Art is long, life is long

Summary:

There are many locks in Java, and they can be classified according to different functions and types. Here is my classification of some common locks in Java, including some basic overview:

  • Whether a thread needs to lock resources can be divided into pessimistic locking and optimistic locking
  • If the slave resource is locked, whether the thread is blocked can be classified as a spinlock
  • Concurrent access to resources from multiple threads, also known as Synchronized, can be classified as locking free, biased, lightweight, and heavyweight
  • The fairness of locks can be divided into fair locks and unfair locks
  • Reentrant locks and non-reentrant locks can be divided into reentrant locks and non-reentrant locks
  • Whether multiple threads can acquire the same lock can be divided into shared locks and exclusive locks

Optimistic locks and pessimistic locks

  • Optimistic locking is a kind of optimistic thought that reading more than writing less, meet low likelihood of concurrent write, every time to fetch the data that other people will not change, so will not lock, but at the time of update will assess the during that time, people have to update the data, at the time of writing in a first read the current version number, and then lock operation (compared with the previous version number, Update if it is the same), and repeat the read-compare-write operation if it fails.
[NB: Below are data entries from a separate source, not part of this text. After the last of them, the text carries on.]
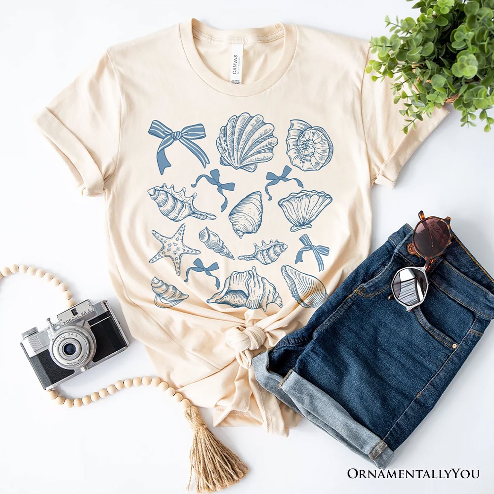 Coquette Seashell Summer Vibe T-Shirt, Natural and White Retro Beach Tee Gift for Ocean Lover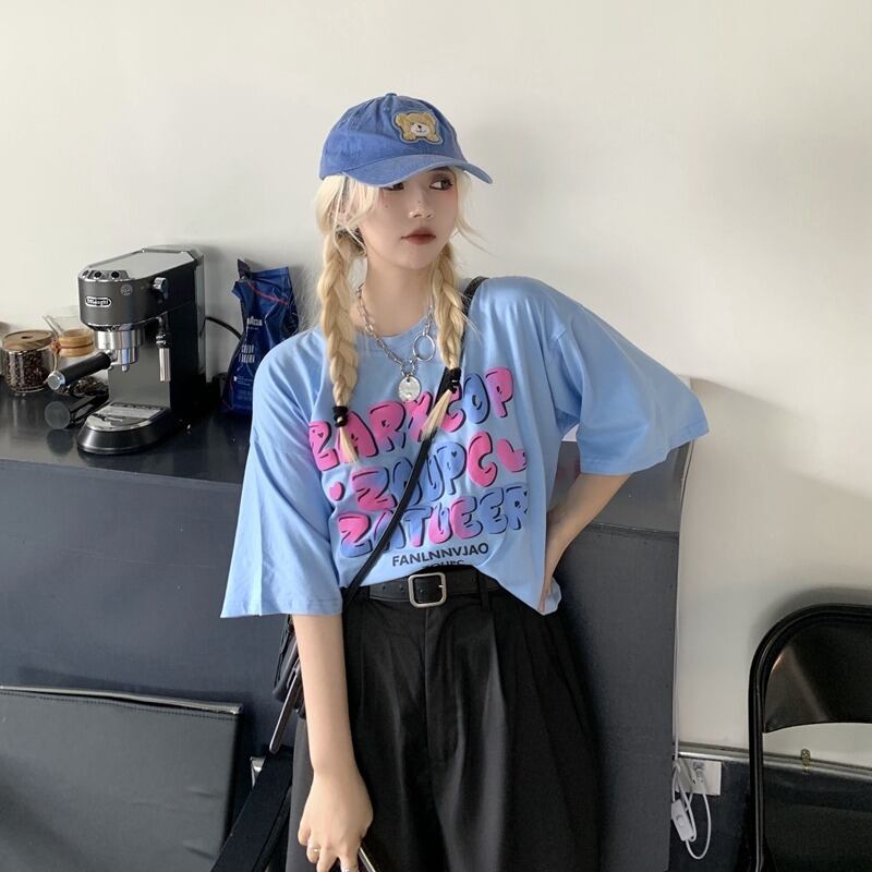 サマートップス ルーズブルーTシャツ ストリート 大人ガーリー スウィート キュート カジュアル 夏物 ヨーロピアン Brother_is_Style4153091887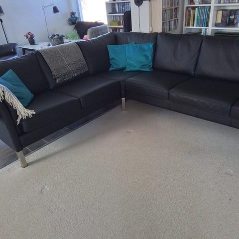 Skalma modula hjørnesofa med chaiselong i cognac farvet semi-anilin læder og nakkestøtte 238*215. Alle hynder er løse, men sidder fast med velcro (fra fabrikken). Lynlås i alle, så indvendig pude kan udskiftes. Den er knap 2 år gammel, så brugt, men i rigtig rigtig god stand. Fejlkøb, pga. min mands helbred. Siddehøjde 41 cm.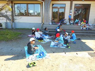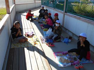 野外給食です。献立は「やきそば、牛乳、ブロッコリー、ハンバーグ、チーズドック」です。暖かな陽気で、外で給食を食べるのには絶好のコンディションです。なかよし班ごとに分かれて、思い思いの場所で食べました。調理員さんは、焼きそばを一人ずつパックに詰めるので、時間とのたたかいだったそうです。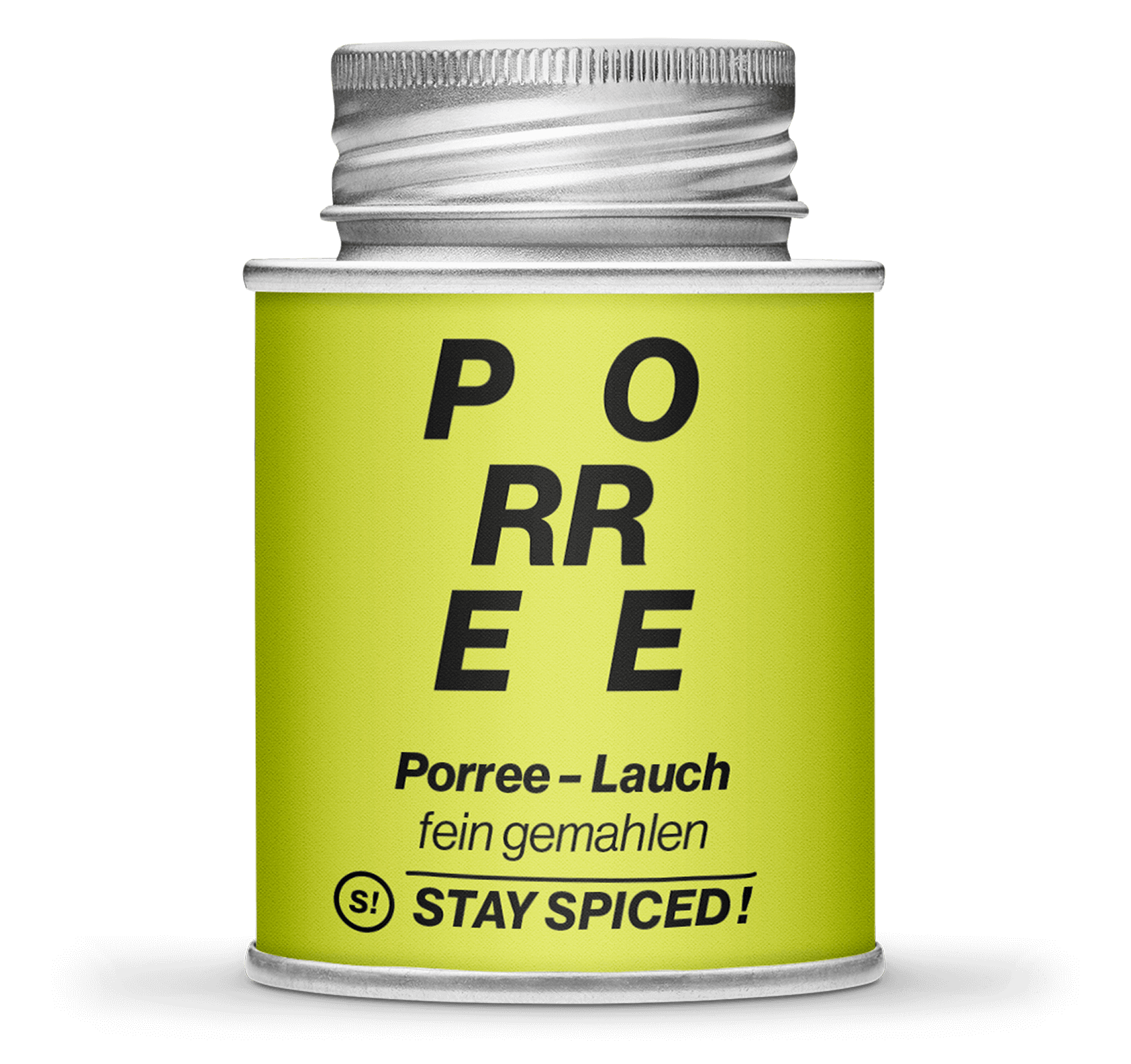 Herkunft Die Heimat des Porrees ist der Mittelmeerraum. Allgemeines Porree – oft Lauch aber auch Breitlauch, Winterlauch, Borree, Welschzwiebel, Gemeiner Lauch, Spanischer Lauch, Aschlauch, Fleischlauch genannt, ist eine aus dem Mittelmeerraum stammende Art aus der Gattung Allium in der Familie der Zwiebelgewächse (Alliaceae). Verwendung Porree wird sowohl als Gemüse (meist Winterporree) als auch als Küchengewürz (meist Sommerporree) genutzt; Man kann ihn als Gemüse oder Salat essen, oder zusammen mit Möhren und Sellerie als Gewürz in Suppen (im Suppengrün) verwenden. Spiceworld-Tipp Porree-Pulver eignet sich hervorragend für Gemüse-Saucen.

Optimistic locking in Java is basically implemented through CAS operation, which is an updated atomic operation. The CAS operation compares the current value with the passed value. If the current value is the same as the passed value, it will be updated, otherwise it will fail.
  • Pessimistic locking is a pessimistic thinking, that is, the likelihood of concurrent writing is high, and every time I go to fetch data, I think someone else will modify it, so every time I read or write data, I will lock it, so that someone else will try to read or write the data, and the data will be blocked until I get the lock. Pessimistic lock in Java is Synchronized. In AQS framework, cas optimistic lock is first tried to obtain the lock. If it fails to obtain the lock, it will be converted to pessimistic lock, such as RetreenLock.

Fair locks and unfair locks

  • A fair lock means that the lock allocation mechanism is fair. Usually, the thread that requests the lock first will be allocated the lock first. ReentrantLock defines a fair lock by providing an initialization method in the constructor to determine whether the lock is fair.
  • JVM mechanisms that allocate locks randomly and nearby are called unfair locks, and ReentrantLock provides an initialization method in the constructor for whether or not the lock is fair, which defaults to unfair locks. The actual execution of unfair locks is far more efficient than that of fair locks. Unless the program has special needs, the allocation mechanism of unfair locks is most commonly used.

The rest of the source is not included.